In this project, we are going to implement parallel versions of Gradient Boosting Decision Tree (GBDT) algorithm. First, we will write a serial version of GBDT and then build the CPU parallel versions via Open MP and MPI, respectively. If there are GPU resources available, we also plan to implement GPU parallel version. Performance will be compared with sequential and parallel implementation of standard libraries such as XGBoost and LightGBM.


In recent years, Gradient Boosting Decision Tree has been widely used in many applications in industry such as advertising and recommendation system. As a boosting method, GBDT ensembles weak classifiers and improves the accuracy. In each iteration, it would build a new tree to reduce the residual caused by previous trees. The algorithm in pseudo code is shown as below (https://www.stat.auckland.ac.nz/~yee/784/files/ch10BoostingAdditiveTrees.pdf).

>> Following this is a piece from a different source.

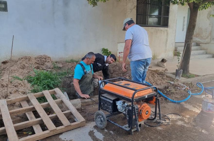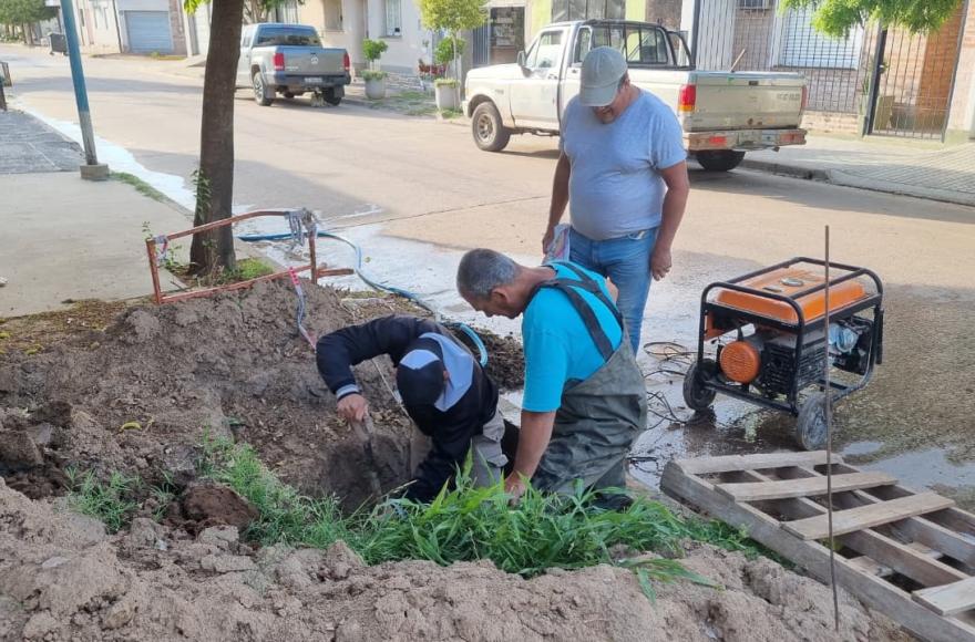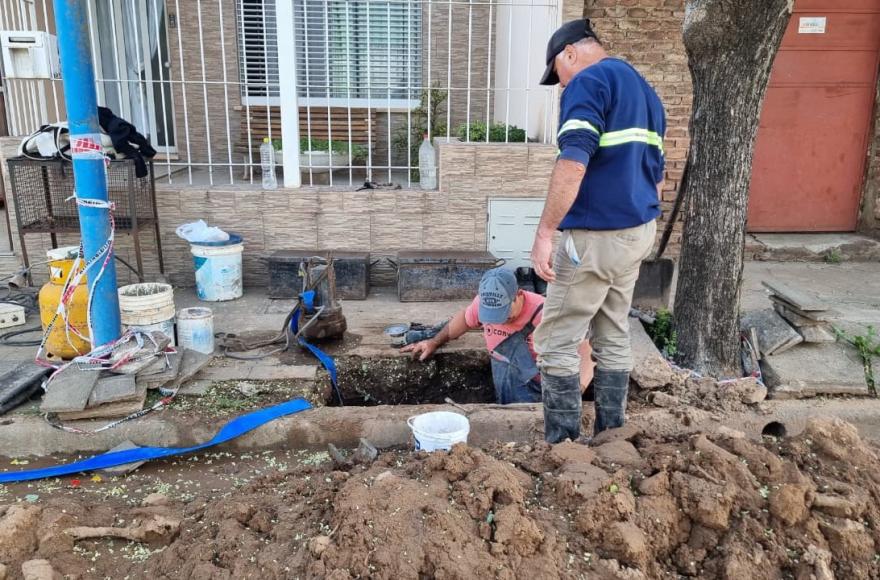 Las tareas se llevaron a cabo en Fernando de Rojas 674 y Sarmiento 575, lo que implicó un corte general del servicio de agua desde temprano para poder avanzar con las reparaciones necesarias.

To solve the bottleneck of GBDT, the training cost for many deep trees on large datasets, many researchers proposed various ways to parallel and distributed versions to accelerate the training process. For example, LightGBM uses fork-join paradigm to have work nodes train different decision trees. Among these implementations, XGBoost stands out and has been widely used in many applications.

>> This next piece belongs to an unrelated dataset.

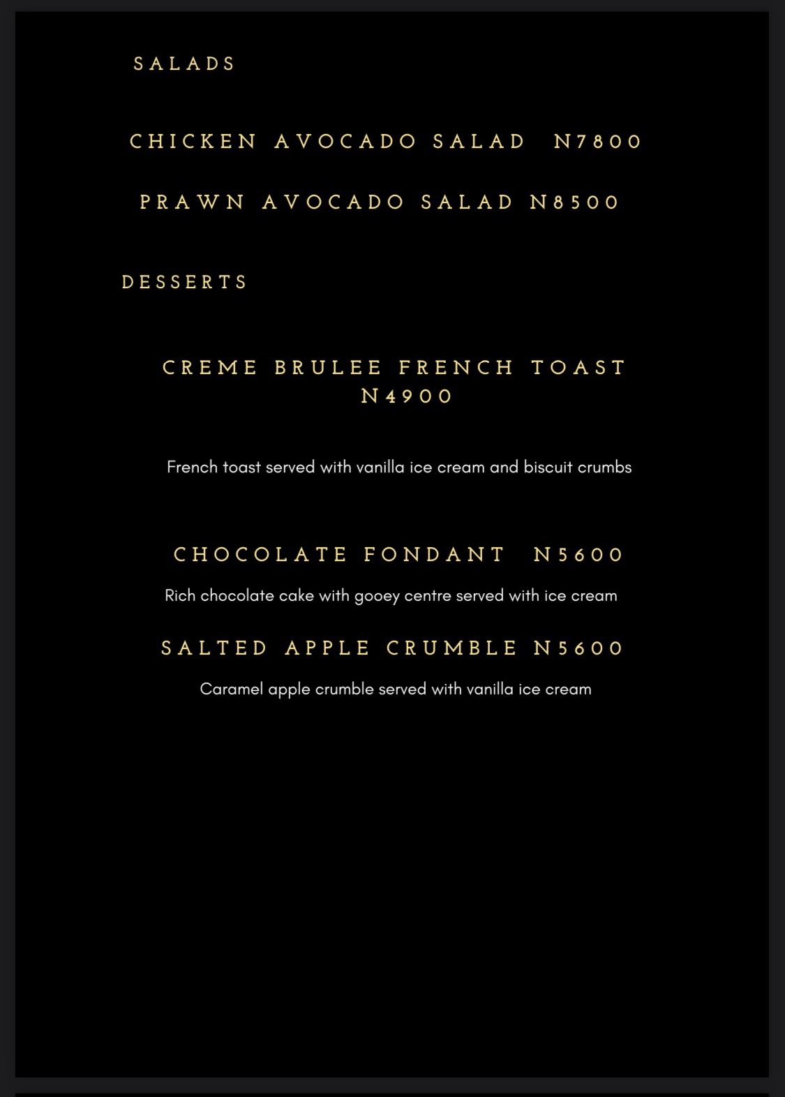 Our total bill was N35,900 (which included take away pack of N500). There were no additional charges.

We know there has been powerful and well-researched parallel implementations and we are not likely to propose new and better ones. Therefore, what we aimed in this project is to further familiarize ourselves with the parallelism skills learnt in the course and use them in practical projects. After implementation and detailed experiment and comparison, we believe we would have a more complete understanding of parallelism of algorithms on different platforms.


  1. Get familiar with the GBDT algorithms. We have learnt GBDT before but never really implemented it. There must be many details that wait for us to figure out during the developing process.

  2. The biggest challenges lie in how to parallel the GBDT algorithms and the implementation. More specifically, for how to parallel, we have:
    • Node level parallelism;
    • Feature level parallelism; and
    • Value level parallelism
  3. For the implementation challenges, we have to consider the followings:
    • Minimizing the communication cost among the nodes;
    • Making efficient use of all available nodes; and
    • Adapting to different problems (with different properties)


We will reference the implementation of sequential GBDT from the following open sources:

For Open MP and MPI version, we will implement our own solutions.

For CUDA versions, we will try our own implementations but may reference to:

  • Mitchell R, Frank E. 2017. Accelerating the XGBoost algorithm using GPU computing. PeerJ Computer Science 3:e127 https://doi.org/10.7717/peerj-cs.127



  1. A sequential version of Gradient Boosting Decision Tree.
  2. A parallel version of Gradient Boosting Decision Tree by Open MP.
  3. A parallel version of Gradient Boosting Decision Tree by MPI.
  4. Experiments and detailed analysis on GBDT of different versions in following dimensions: accuracy, number of tasks, speedup, and workload balance.

Stretch Goals

  1. A parallel version of Gradient Boosting Decision Tree by CUDA.
  2. Performance comparison between high-dimensional sparse dataset and low-dimensional dense dataset.
  3. Improve the efficiency of CPU versions GBDT and get close results to XGBoost.


  1. Performance tables collected in different versions and different number of nodes used.
  2. Graphics that show the above performance tables.
  3. Graphics that show the accuracy/speedup comparison between our implementation and XGBoost.
  4. Answers to following questions:
    • Did we achieve linear speedup? If not, what are the possible reasons?
    • Did we observe any workload imbalance in the CPU versions? Is there a way to improve it?
    • Compare the results of Open MP and MPI versions. Which one is better for GBDT? Why?


For CPU versions, we are going to use Open MP and Open MPI in C++ to implement the Gradient Boosting Decision Tree. We have gained some experience using them through course assignments.

For GPU versions, we are going to use CUDA.

We will develop and debug the code on GHC machine and then collect the performance results on PSC machine which have more processors.


Date Task
11/14 Finish the sequential version
11/20 Finish the open MP version
11/26 Finish the MPI version
12/5 Finish the experiments and analysis
12/8 Finish the poster